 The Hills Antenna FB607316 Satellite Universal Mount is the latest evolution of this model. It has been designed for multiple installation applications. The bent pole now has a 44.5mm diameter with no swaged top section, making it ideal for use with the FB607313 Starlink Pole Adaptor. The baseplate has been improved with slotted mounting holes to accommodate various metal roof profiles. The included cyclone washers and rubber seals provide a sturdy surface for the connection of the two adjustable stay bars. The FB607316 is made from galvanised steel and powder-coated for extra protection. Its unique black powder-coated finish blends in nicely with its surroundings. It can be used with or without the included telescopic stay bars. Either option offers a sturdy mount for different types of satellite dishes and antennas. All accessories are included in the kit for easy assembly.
□ □ □ □ □
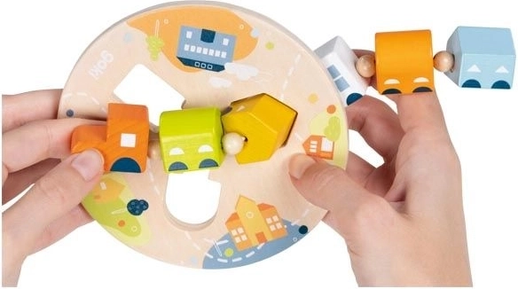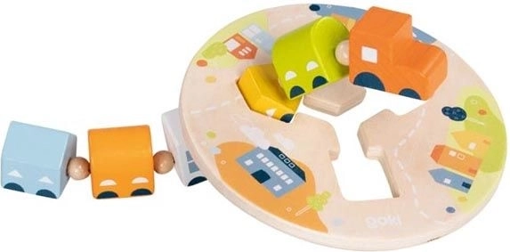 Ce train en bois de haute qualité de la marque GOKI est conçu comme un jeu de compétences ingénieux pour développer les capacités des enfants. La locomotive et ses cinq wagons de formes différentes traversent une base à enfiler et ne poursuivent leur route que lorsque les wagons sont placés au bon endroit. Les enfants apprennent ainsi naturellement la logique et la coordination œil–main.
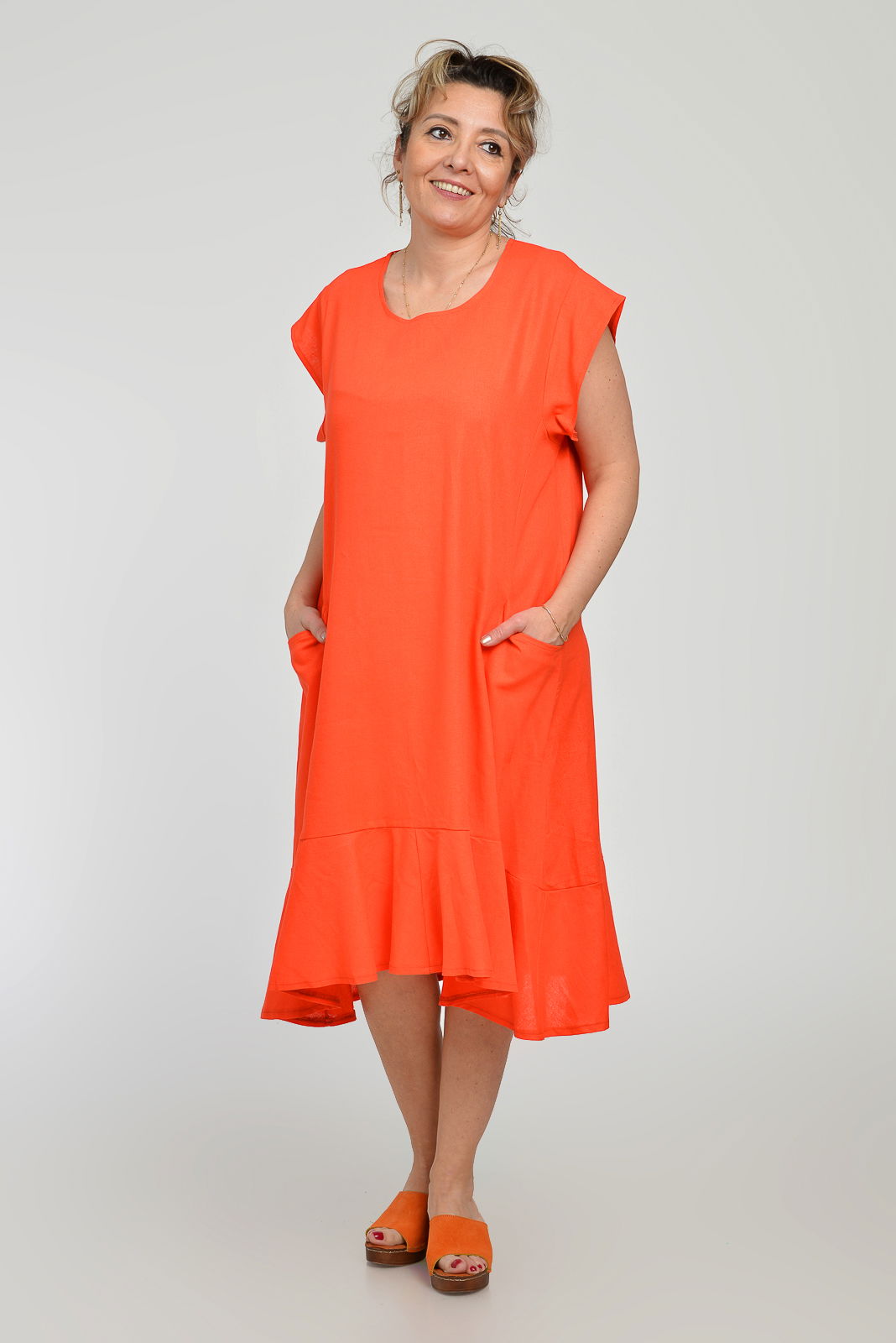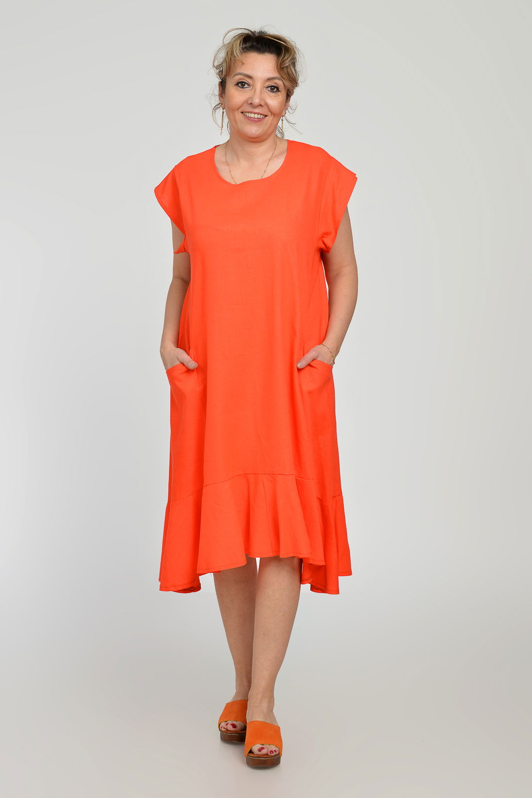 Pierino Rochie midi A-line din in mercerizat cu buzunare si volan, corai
□ □ □ □ □
» **Task statement**
Print the part of the listing above that opens with the line containing "Ce train en" and closes with the line containing "Pierino Rochie midi". Copy it exactly, both ends included, and omit the pictures.

» **Task result**
 Ce train en bois de haute qualité de la marque GOKI est conçu comme un jeu de compétences ingénieux pour développer les capacités des enfants. La locomotive et ses cinq wagons de formes différentes traversent une base à enfiler et ne poursuivent leur route que lorsque les wagons sont placés au bon endroit. Les enfants apprennent ainsi naturellement la logique et la coordination œil–main.
 Pierino Rochie midi A-line din in mercerizat cu buzunare si volan, corai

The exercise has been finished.